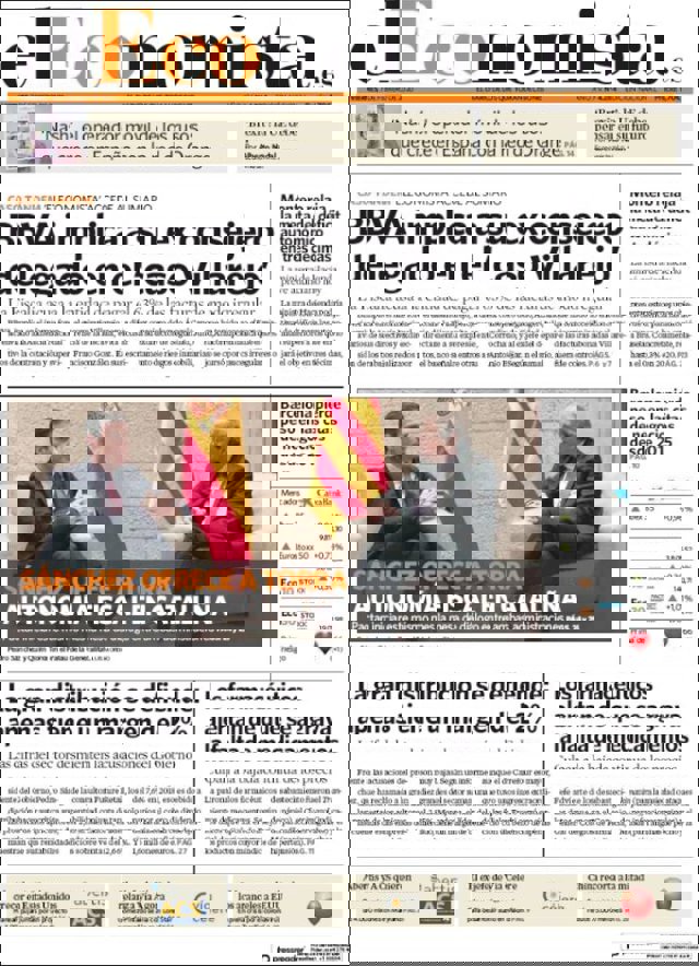 Las primeras ediciones de los periódicos de información económica españoles incluyen, entre otras, las siguientes noticias en sus portadas:
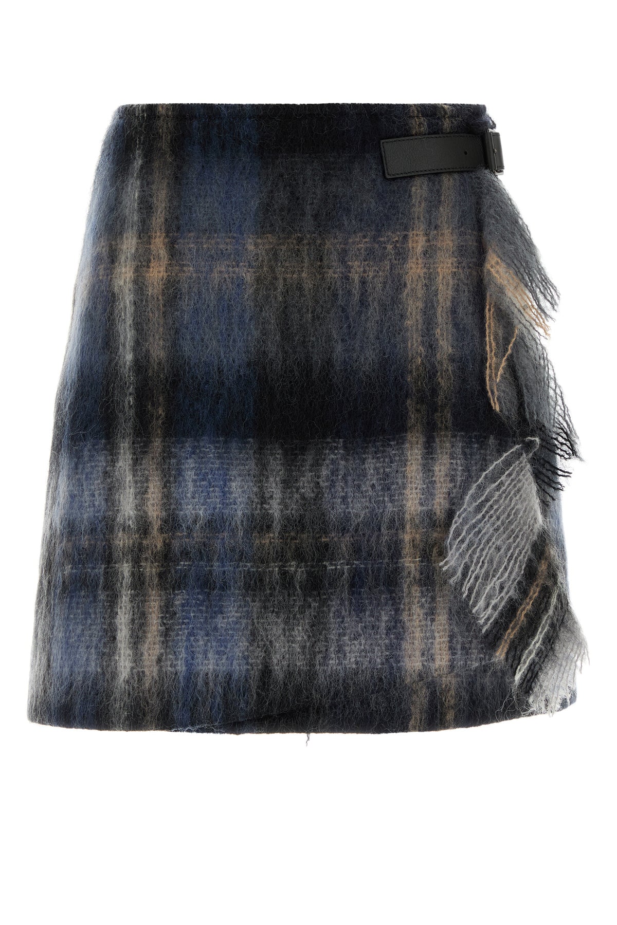 Mini skirt realized in mohair blend characterized by checked embroidery on the entire surface.
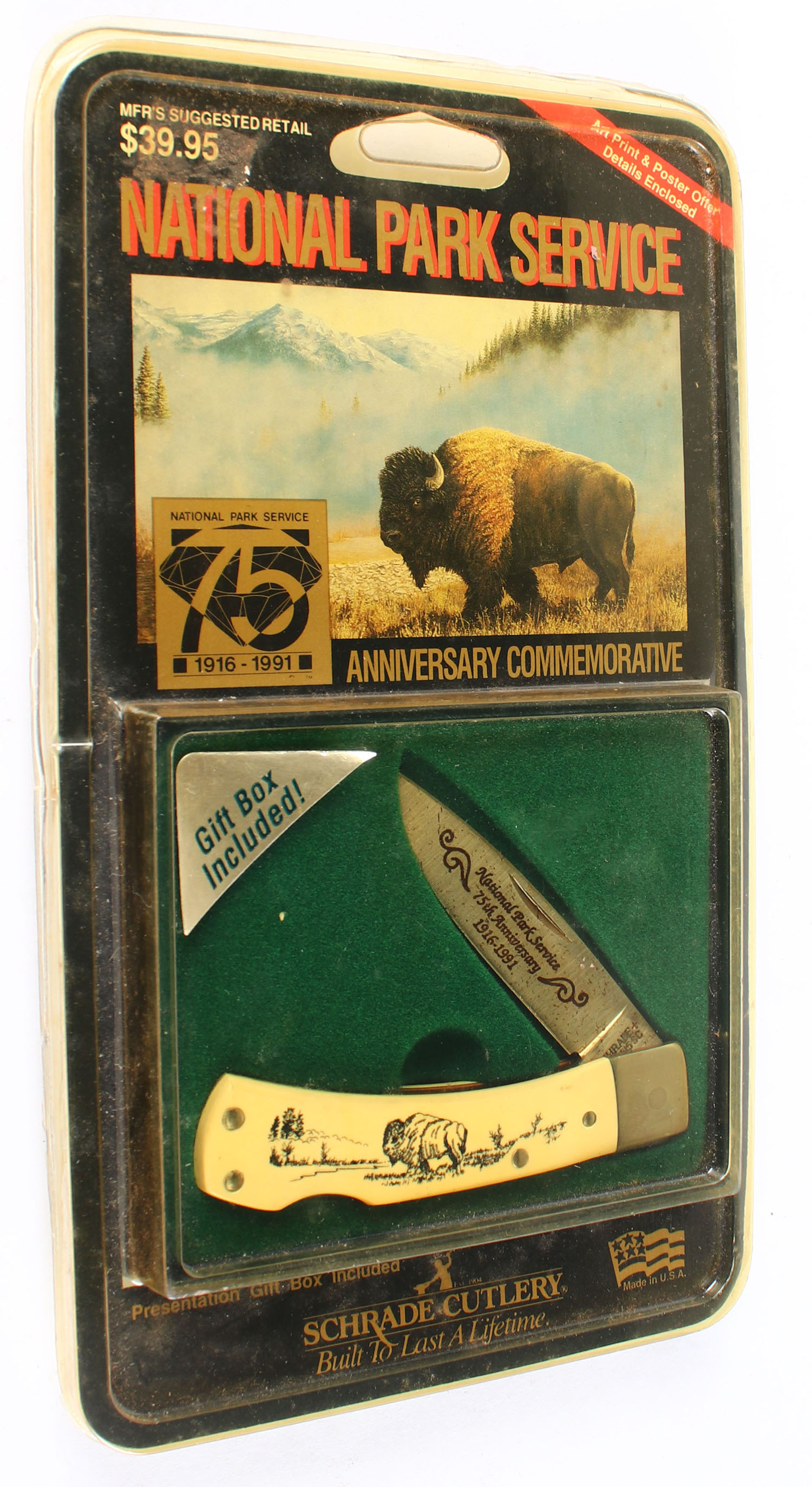 Schrade National park service 75th anniversary knife, in original box. Grade: Excellent ++ - Value: 30 to 90
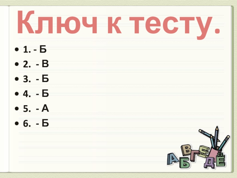 Ключ к тесту.1. - Б 2. - В3. - Б4. - Б5. - А6. - Б
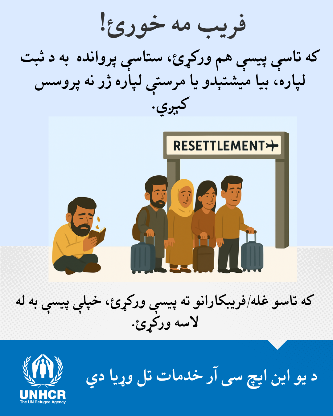 ٣. یواځې رسمي چینلونه وکاروئ: ستاسو د قضیې په اړه هر ډول رسمي اړیکه به د یو اېن ایچ سی آر، آی او اېم، یا د نورو باور وړ شریک کارونکو څخه راځي. د هر ډول مالوماتو د تایید لپاره، چې د نورو څخه ترلاسه شي، همیشه تاسو د سیمې د یو اېن ایچ سی آر دفتر سره اړیکه ونیسئ.
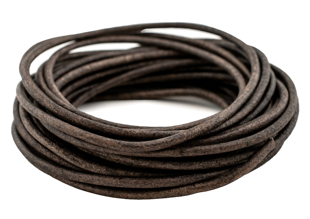 2.5mm Grey Distressed Round Leather Cord (15ft)
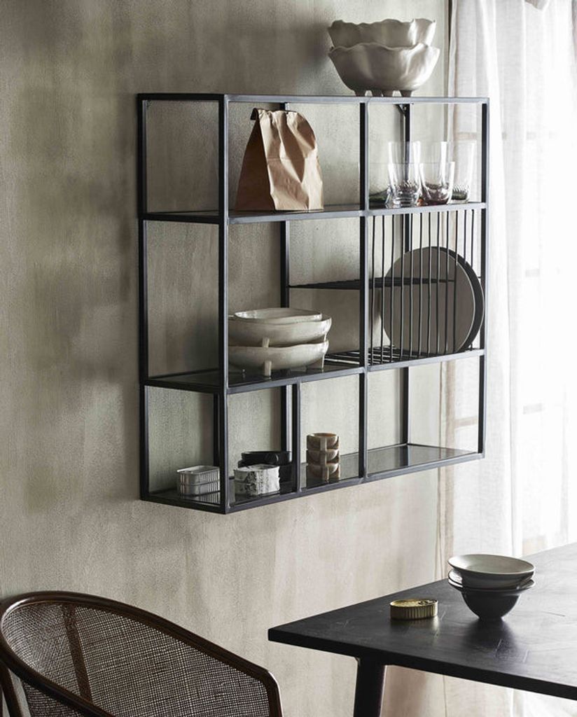 Elegant och funktionell svart hylla i järn och glas, perfekt för köksförvaring.
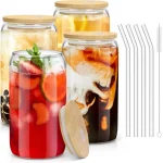 Enjoy your favorite beverages in style with this set of 4 premium glass cups, each holding 18.6oz/550ml—perfect for iced coffee, iced tea, smoothies, beer, cocktails, and more. Designed with eco-friendly bamboo lids and reusable glass straws, these glasses bring both modern style and sustainability to your kitchen.
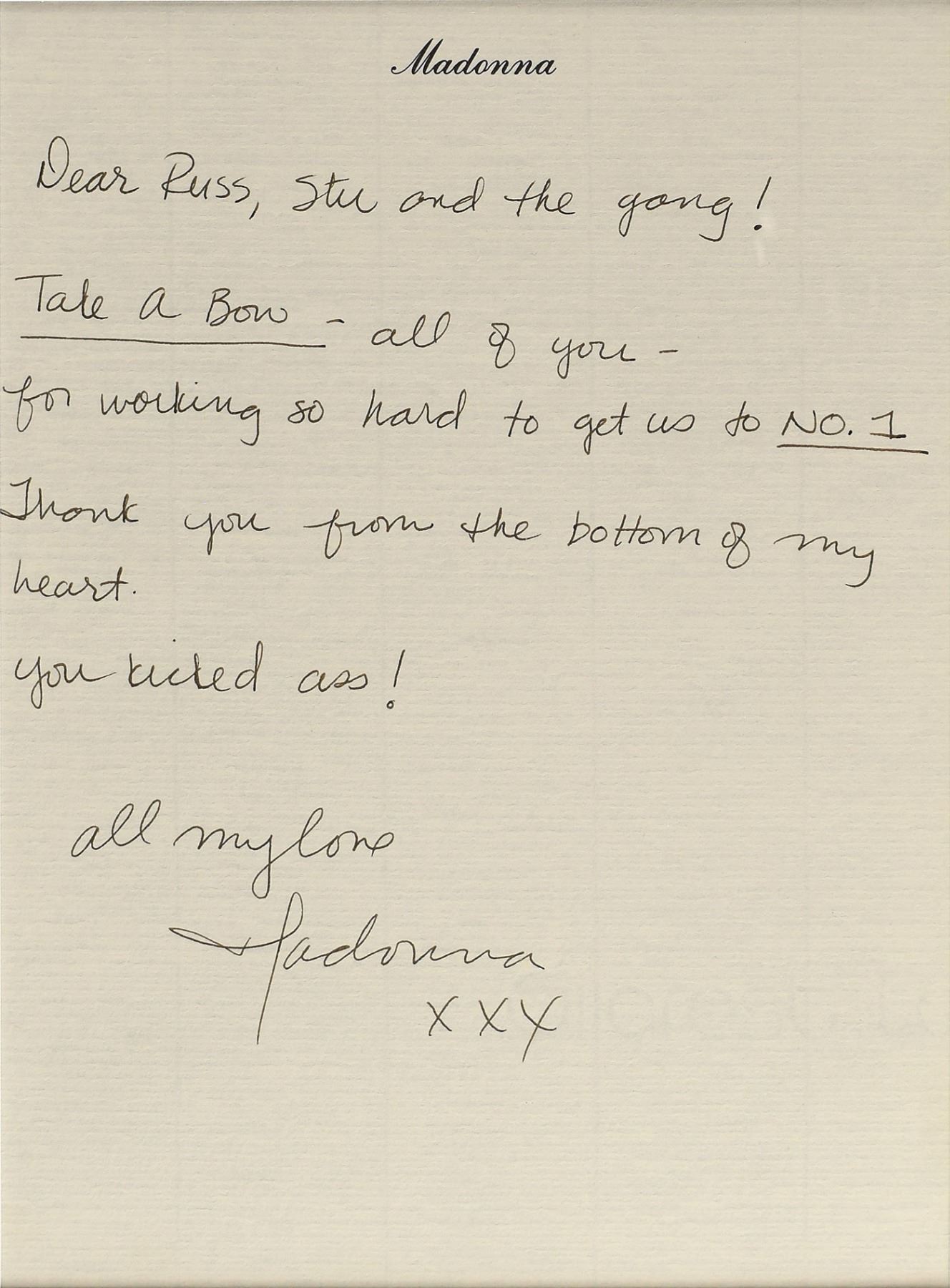 ALS, one page, 7 x 9.25, personal letterhead, no date [circa 1994]. Madonna writes to "Russ, Stu, and the gang." In full: "Take a Bow—all of you—for working so hard to get us to No. 1. Thank you from the bottom of my heart. You kicked ass! All my love." The song "Take a Bow," which was released in late 1994 and spent seven weeks at number one on the American charts, remains the singer's biggest hit single. Attractively matted and framed with an unsigned photo and engraved plaque to an overall size of 24 x 23.75. In very fine condition.
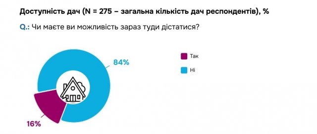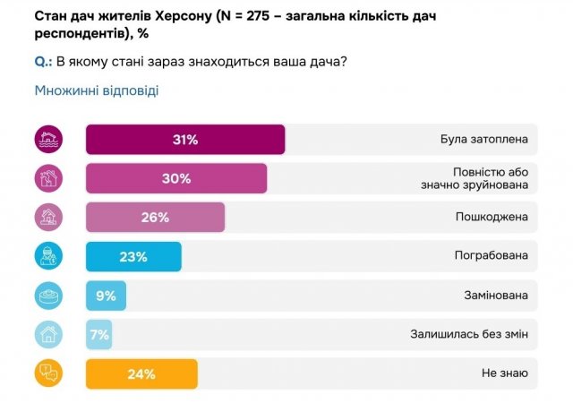 При цьому, значна частина херсонців мала дачі на лівому березі або в районах, що дуже близько прилягають до теперішньої лінії фронту. Через це руйнувань зазнали дачі 189 опитаних (68,7%), а до 231 дачі (84%) мешканці Херсонщини взагалі не можуть дістатися.

--------------------------------

Work item:
Reproduce the opening lines of the material above exactly, ending with the line that contains "Mini skirt realized". Omit every picture.

Response below:
 Las primeras ediciones de los periódicos de información económica españoles incluyen, entre otras, las siguientes noticias en sus portadas:
 Mini skirt realized in mohair blend characterized by checked embroidery on the entire surface.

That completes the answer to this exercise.